UNITED STATES OF AMERICA, Plaintiff,
v.
ALFRED ELLIOTT, Defendant


Marvin E. Aspen, United States District Judge.


The opinion of the court was delivered by: ASPEN

MARVIN E. ASPEN, UNITED STATES DISTRICT JUDGE

 The defendant Alfred Elliott has moved to strike and dismiss certain parts of the indictment against him. For the reasons set forth below, that motion is denied.

 I. Background

 The seventy-count indictment charges that Elliott, a former partner in the law firm of Schiff, Hardin & Waite ("Schiff"), misused "confidential client information" for his personal benefit in nine separate transactions involving Schiff clients. According to the indictment, when Elliott would learn confidential information about the planned acquisition of a large block of stock, he used this "nonpublic information" and purchased stock in the target company, in the expectation that the price would rise when the planned acquisition became public. The stock purchases purportedly were made through the Chicago office of Charles Schwab & Co., which communicated the orders by wire to a central computer in San Francisco. The indictment charges that by purchasing these stocks, Elliott defrauded both Schiff, see Indictment Ct. 1, para. 2(a), and its clients, see id. para. 2(b), of property, namely, the confidential client information. Since the purchases were made by wire, the indictment charges Elliott with thirty-four counts of wire fraud, 18 U.S.C. § 1343 (1982), for each of the separate wire communications. In addition, because the fraud was in connection with the purchase of securities, the indictment charges Elliott with thirty-four counts of securities fraud, 15 U.S.C. §§ 78j(b), 78ff (1982 & Supp. IV 1986), for the same transactions. Count 69 of the indictment charges Elliott with a violation of the Racketeer Influenced and Corrupt Organizations Act ("RICO"), 18 U.S.C. §§ 1962(c), 1963(a) (1982 & Supp. IV 1986), and Count 70 charges Elliott with filing a false income tax return, 26 U.S.C. § 7206(1) (1982). The tax count is not at issue in this motion.

 II. Wire Fraud

 A. Was the Confidential Client Information "Property" in the Hands of Schiff?

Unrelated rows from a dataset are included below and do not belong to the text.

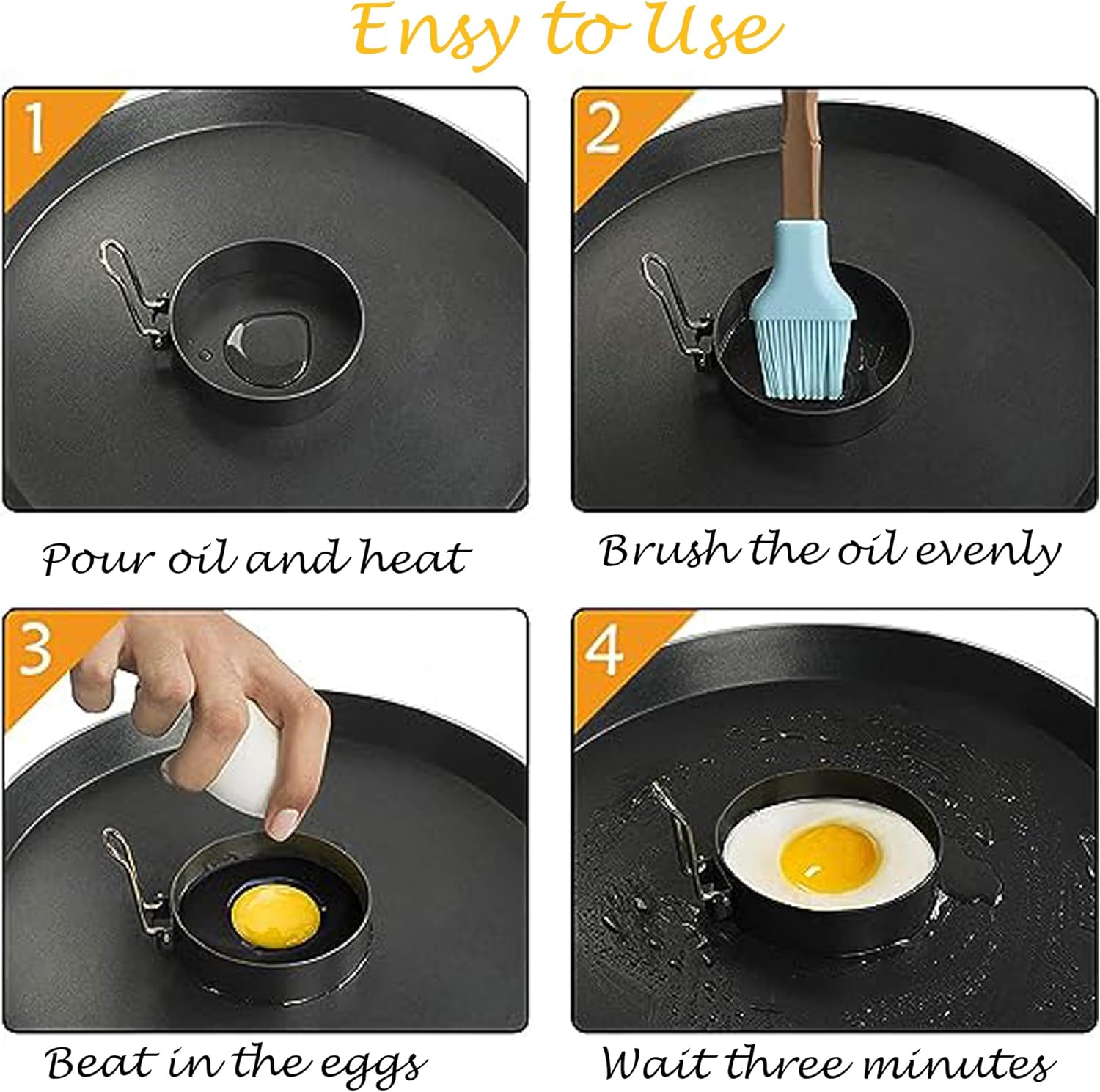 🍳【EASY TO USE】:Put the egg ring on the frying pan,apply oil to the surface of the pot,then break the eggs to cooking.Our egg rings is light and the handle is made of stainless steel, that is easy to clean.
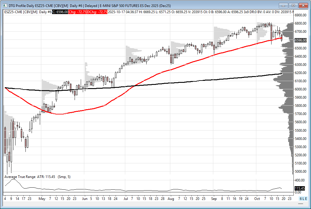 The ES traded modestly higher overnight in the October 16 session, opening at 6715.25 followed by a pullback to 6702.50 around 20:40 (-0.36%) and another dip to 6705.75 at 22:30. From there, buyers regained traction, lifting prices toward 6745.25 at 07:20 and a session high of 6746.50 by 08:40 — a 39.5-point climb from the prior low.
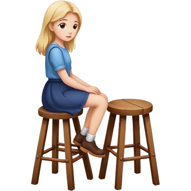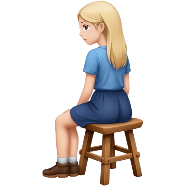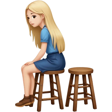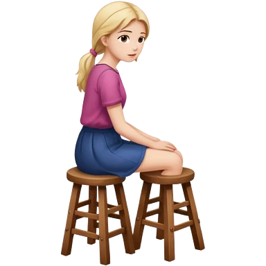 The girl is sitting facing backwards on a stool. emoji
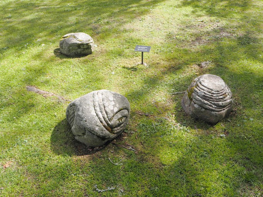 Tre låga, rundade grå naturstenar placerade i en triangel. Alla har sina egna mjuka, parallella linjer, huggna med mejsel.

 Paragraph 2(a) of Count 1, adopted by reference in every other count but number 70, alleges that Elliott defrauded Schiff "of property, namely, confidential information which defendant ALFRED ELLIOTT misappropriated and used for his own private benefit." Elliott contends that paragraph 2(a) is a non sequitur and will not support a charge under the wire fraud statute. His argument goes like this: (1) The wire fraud statute protects only property rights. See Carpenter v. United States, 484 U.S. 19, 108 S. Ct. 316, 98 L. Ed. 2d 275 (1987); McNally v. United States, 483 U.S. 350, 107 S. Ct. 2875, 97 L. Ed. 2d 292 (1987). (2) An essential ingredient of property is the ability to exploit it. (3) It is the government's theory that the Illinois Code of Professional Responsibility as well as Schiff's own policies prohibit a lawyer from using confidential client information for personal gain, without the client's consent. (4) Therefore, Schiff could not exploit the client confidences. (5) Therefore, Schiff had no property interest in the confidential client information. (6) Therefore, even if Elliott defrauded Schiff of confidential client information, he did not defraud them of property. (7) Therefore, paragraph 2(a) does not state a violation of the wire fraud statute.

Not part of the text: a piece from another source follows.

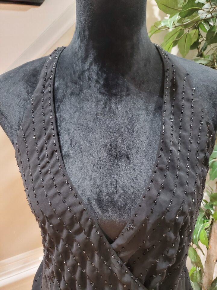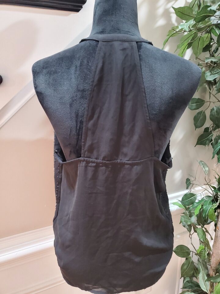 Guess Women's Black Beaded Polyester V-Neck Sleeveless Casual Top Blouse Size L

 Elliott relies heavily on certain language from Carpenter v. United States, 484 U.S. 19, 108 S. Ct. 316, 98 L. Ed. 2d 275 (1987), in support of his argument. In Carpenter, one of the defendants, a reporter for The Wall Street Journal's "Heard on the Street" column, used his knowledge of what would be published in the column to buy or sell stock, in the expectation that the stock's price would go up or down when the column was published. The Supreme Court held that this prepublication information, even though intangible, was property for purposes of the mail and wire fraud statutes. The Court stated:

 
The Journal had a property right in keeping confidential and making exclusive use, prior to publication, of the schedule and contents of the "Heard" columns. . . . The confidential information was generated from the business and the business had a right to decide how to use it prior to disclosing it to the public. . . . It is sufficient that the Journal has been deprived of its right to exclusive use of the information, for exclusivity is an important aspect of confidential business information and most private property for that matter.

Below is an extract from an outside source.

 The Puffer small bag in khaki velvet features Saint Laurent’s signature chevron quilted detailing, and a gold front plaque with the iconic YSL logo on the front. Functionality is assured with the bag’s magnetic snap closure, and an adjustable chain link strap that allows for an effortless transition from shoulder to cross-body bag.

 Id. 108 S. Ct. at 320-21. Elliott argues that since Schiff did not have a right to decide how to use the client confidences or a right to exclusive use of these confidences, they were not property interests in the hands of Schiff.

 
First, Grossman distorts Carpenter. In context, the language which he cites merely describes the confidential information in that case; it does not require that all confidential information must be of the same nature to be considered "property." Carpenter actually holds generally that, even though "confidential business information" is intangible, it "has long been recognized as property." Thus, the information in this case regarding the. . . recapitalization clearly falls within the definition of property under Carpenter. Second, the fact that [the law firm] could not commercially exploit the information by trading on it does not mean the confidentiality of the information had no commercial value to the firm. As several partners of the firm testified, maintaining the confidentiality of the information was of commercial value because, by maintaining confidentiality, the firm would protect or enhance the firm's reputation, with the result that it would not lose its clients and perhaps would gain more clients.

 Id. at 86.

 Elliott contends that Grossman is wrongly decided; in his view, the Second Circuit, by looking to the firm's reputation, readopted the intangible rights theory rejected in McNally. However, we believe that the Seventh Circuit implicitly endorsed the Grossman decision in FMC Corp. v. Boesky, 852 F.2d 981 (7th Cir. 1988). In that case, FMC alleged that Boesky, the famed arbitrageur gone bad, purchased a large block of FMC stock after learning inside information about FMC's recapitalization, and thus raised the cost of recapitalization substantially. The narrow issue on appeal was whether FMC had been injured for purposes of standing under Article III of the Constitution. Reversing the district court, the majority held that FMC had suffered an injury to its property. Judge Manion, dissenting, disagreed. Judge Manion suggested that an injury to reputation would suffice, but there was no such injury alleged. To illustrate his point, Judge Manion cited to Grossman with a " Cf." In responding to Judge Manion's contention, the majority also cited Grossman, but argued that Judge Manion's citation of the case was anomalous.

 
On the one hand, he argues that under Carpenter, FMC's confidential business information was so ethereal to be "property" for purposes of federal mail fraud and could not be the subject of an Article III injury because it was not the company's stock-in-trade and lacked commercial value. On the other hand, his reading of Grossman suggests that the same confidential information in the hands of FMC's law firm or Goldman was "property" for purposes of mail fraud and, because it would have commercial value -- certainly both FMC's law firm and Goldman also had a reputational interest in keeping the information confidential -- its misappropriation would suffice for purposes of an Article III inquiry. ...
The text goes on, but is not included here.